Posted by lhc on May 10, 2012 at 9:45 PM (Answer #1)
High School Teacher
Editor lhc is correct, though I would also add that author Harper Lee based the fictitious town of Maycomb on her actual hometown, Monroeville, Alabama. I have visited Monroeville and have found it to be a small town that values its literary heritage and maintains as much as possible the small-town people and down-South values of which Lee writes in her novel.
Unfortunately, some of the "down-South values" prevalent during 1930s Alabama involved some incredibly racist attitudes and overall prejudiced actions. This is where Scout's teacher's disparaging comments about Tom Robinson come into play. Scout recalls:
Well, coming out of the courthouse that night Miss Gates [...] [said] it's time somebody taught 'em a lesson, they were gettin' way above themselves, an' the next thing they think they can do is marry us (Lee 331).

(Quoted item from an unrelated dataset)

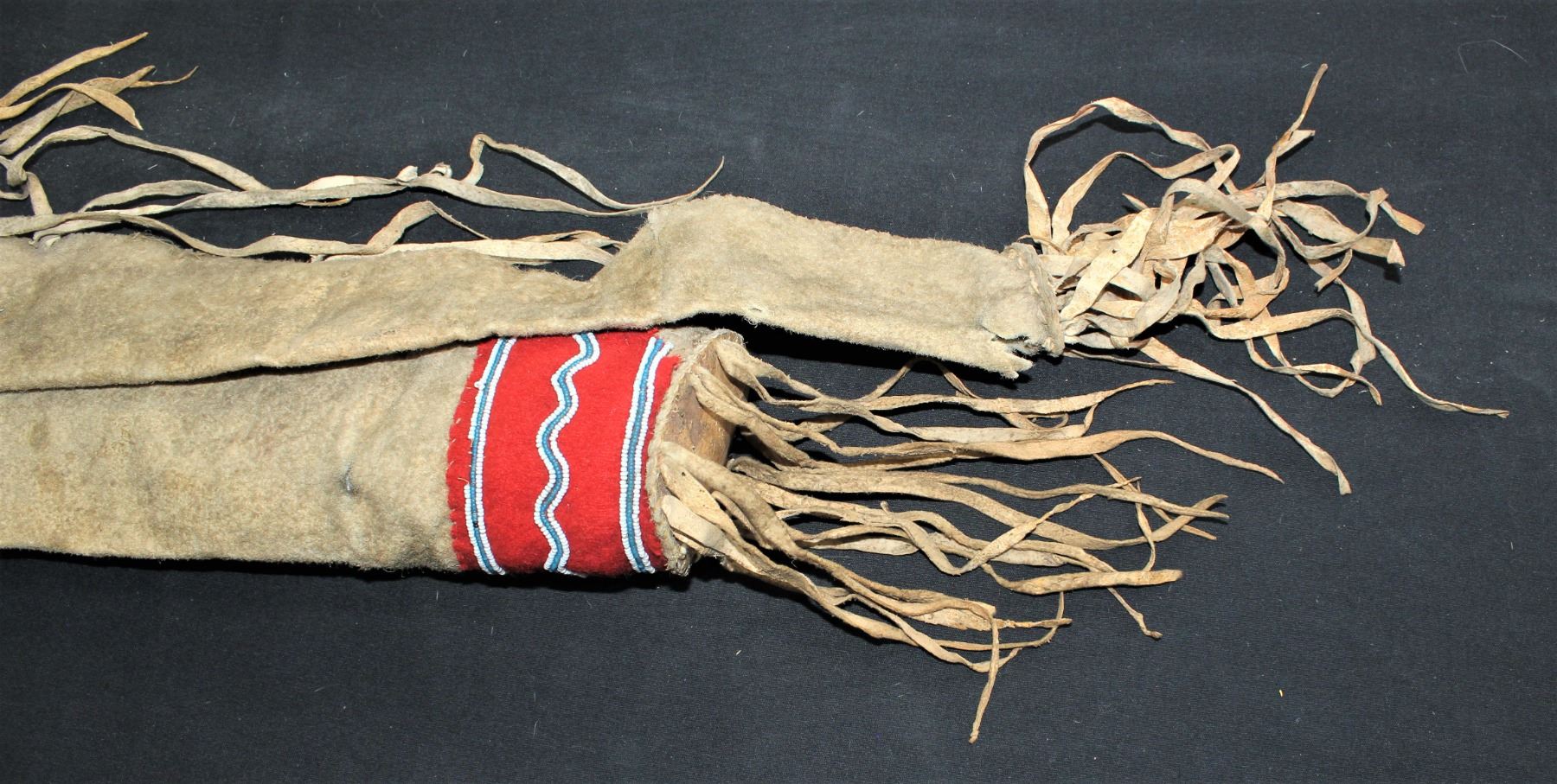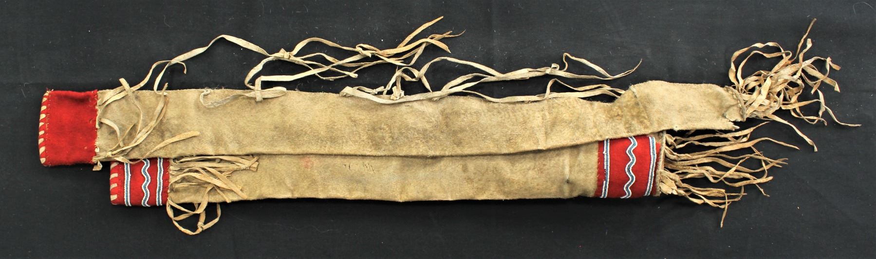 A beautifully authentic untouched 19th Century quiver and bow case, having wonderful fringe, and trimmed in beaded early trade cloth. Measuring 35" in length.

This quote speaks to the racism and hypocrisy of the era -- and insinuates that the "education" Scout is getting seems to perpetuate ignorance rather than the pursuit of knowledge.
Earlier in the novel, Miss Caroline, Scout's first grade teacher, even tells Scout, in so many words, that being completely literate in the first grade is not normal, commanding,
"Now you tell your father not to teach you any more. It's best to begin reading with a fresh mind. You tell him I'll take over from here and try to undo the damage."
She then proceeds to demean Atticus by reminding Scout that he is not a teacher, but she is (Lee 23). This instance of perpetuating ignorance rather than knowledge seems, in this case, to stem from Miss Caroline's personal feelings of inadequacy and her need to feel superior. Location and societal expectations also play into this discouragement of learning (many of Scout's peers did not take education seriously, which she mentions in her comment that many of them were repeating first grade -- page 22)
Throughout the novel, Scout's teachers are just as much products of their environment as their students. Sometimes caving in to societal expectations (and the lack thereof), they can tend to follow popular opinion or the status quo.